Как всегда, отклик Запада заставлял надеяться, что, остерегаясь огласки, власти не прибегнут к крайним мерам, и уж во всяком случае за свое мужество Рабин не поплатится. Тем не менее Руссовский не преминул пригласить его в редакцию. Обиженно бубнил:
— Что вы, Оскар Яковлевич, нашу газету «бульварной» называете?
Пикантная ситуация. Орган горкома партии окрещен «бульварным». Съесть бы им этого проклятого Рабина с костями за наглый эпитет. Приходится же терпеть, разговаривать на равных. Вот он и распускается:
— Почему вы печатаете сплетни?
Руссовский, игнорируя замечание:
— Мы против вас выступать не будем. Вы поступили эмоционально, защищая друга.

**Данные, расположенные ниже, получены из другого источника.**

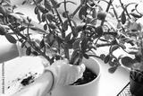 Home gardening, female hands in gloves transplanting greenery, plant care, interior decor

Какое рыцарство! Какое благородство! Прощают врагу колкие, едкие, бьющие не в бровь, а в глаз строки, да еще их передачу за рубеж, потому что вступился за друга. Словно сбылось предсказание пророка и волки стали мирно пастись с ягнятами. Нам подоплека этого преображения ясна. Тронь Рабина — за перо возьмется Немухин, стукни Немухина, не удержится Мастеркова… И начнется… Нет, широкая шумная война с художниками не входит в планы карателей. А расправиться с коллекционером-пропагандистом необходимо. Это и легче. Живописцев много, а он, такой дурак, один. Художники материально от государства не зависят, а он кормится в наших издательствах. Перво-наперво лишим его работы. Для того достаточно всего лишь фельетона (и действительно, едва его опубликовали, как в разных городах сняли с производства пять книг моих переводов). Потом изгоним из Профкома литераторов, и он окажется нигде не работающим, нигде на учете не состоящим паразитом-тунеядцем. Тогда суд насильственно трудоустроит его на службу где-нибудь подальше от Москвы — и конец осиному гнезду модернистского искусства!
Задуманное неукоснительно проводилось в жизнь. Профкомовцы еле-еле дождались, пока я выйду из больницы, и ко мне пожаловала комиссия во главе с председателем Профкома Прибытковым. Ходят они по квартире, глазеют на картины и возмущенно рокочут. Все, дескать, непонятно, все это кривлянье, а не искусство. Рабин же, и спорить нечего, неприкрытый антисоветчик. А ухватистый, расторопный, лицемерный Прибытков разговаривает со мной, как с младшим, любимым, да вдруг нашкодившим братом.
— Картины еще ладно. Нравятся вам, висят у вас в квартире, и пусть висят. Но как вы умудрились передать за границу статью с антисоветским душком?
— Нет в ней никакого душка! Статья о художниках.
У него с собой копия:
— Вы утверждаете, что авангардистов не выставляют на Родине, обрекают на молчание, и цитируете эмигранта Замятина, писавшего в тысяча девятьсот тридцать втором году Сталину, что для творца такое молчание равносильно высшей мере наказания, то есть расстрелу. Вы осмеливаетесь сравнивать положение ваших художников с положением Замятина, которого не печатали и не печатают, потому что он проповедовал чуждые нашему обществу взгляды.
— Замятин — большой русский писатель… Художников же и вправду не выставляют.
Прибытков разочарован моей несговорчивостью. Усаживает всю компанию, зачитывает статью. Общее мнение — крамольная. Только двое среди этой восьмерки — нормальные люди: старик Романовский и Юра Дмитриев. Не то чтобы они одобряли мое поведение. Ни в коем случае! Но они считают, что основное — проверить, соответствуют ли изложенные в фельетоне факты истине. Последовательно и доказательно опровергаю обвинения. Однако ни на кого, кроме тех же Романовского и Дмитриева, мои доводы не производят никакого впечатления. Им и слушать их скучно. Наша газета всегда права. Чего тут еще копаться! Но дипломатичный Прибытков прощается дружелюбно. Обещает, что вскоре соберется большое бюро профкома и актив секций, заслушает меня, все обсудят и вынесут решение. Про себя я отметил «приговор».
Бюро назначили на 25-е марта. Утром того же дня встречаюсь с Прибытковым. Объясняет, что положение сложное, что требуют (кто требует?) немедленного моего исключения из организации. Но не все еще потеряно. Мы вас попробуем спасти. Для этого нужно, чтобы вы раскаялись. И торопливо:
— Перед товарищами на собрании, в узком кругу!
Меня оклеветали, и я еще должен раскаиваться! Протестую, но как-то вяло. До сих пор глотаю таблетки, которые мне дали в больнице, а они, как позже узнал, рассчитаны на подавление активности.